### DATASET CONTENT:

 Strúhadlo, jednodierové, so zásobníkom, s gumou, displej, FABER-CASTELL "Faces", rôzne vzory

* * *

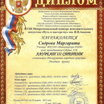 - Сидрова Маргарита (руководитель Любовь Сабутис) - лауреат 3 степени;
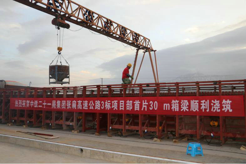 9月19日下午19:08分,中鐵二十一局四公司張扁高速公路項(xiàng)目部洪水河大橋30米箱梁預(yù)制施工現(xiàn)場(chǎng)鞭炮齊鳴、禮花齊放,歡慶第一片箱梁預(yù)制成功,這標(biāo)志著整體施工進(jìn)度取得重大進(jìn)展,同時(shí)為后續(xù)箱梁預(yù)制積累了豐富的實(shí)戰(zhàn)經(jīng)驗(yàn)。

### HOW TO COMPLETE THIS TASK:
Could you write out exactly the lines of the data above that run from the one holding "- Сидрова Маргарита" to the one holding "9月19日下午19:08分,中鐵二十一局", with both ends in and all pictures out?

### EXERCISE ANSWER:
 - Сидрова Маргарита (руководитель Любовь Сабутис) - лауреат 3 степени;
 9月19日下午19:08分,中鐵二十一局四公司張扁高速公路項(xiàng)目部洪水河大橋30米箱梁預(yù)制施工現(xiàn)場(chǎng)鞭炮齊鳴、禮花齊放,歡慶第一片箱梁預(yù)制成功,這標(biāo)志著整體施工進(jìn)度取得重大進(jìn)展,同時(shí)為后續(xù)箱梁預(yù)制積累了豐富的實(shí)戰(zhàn)經(jīng)驗(yàn)。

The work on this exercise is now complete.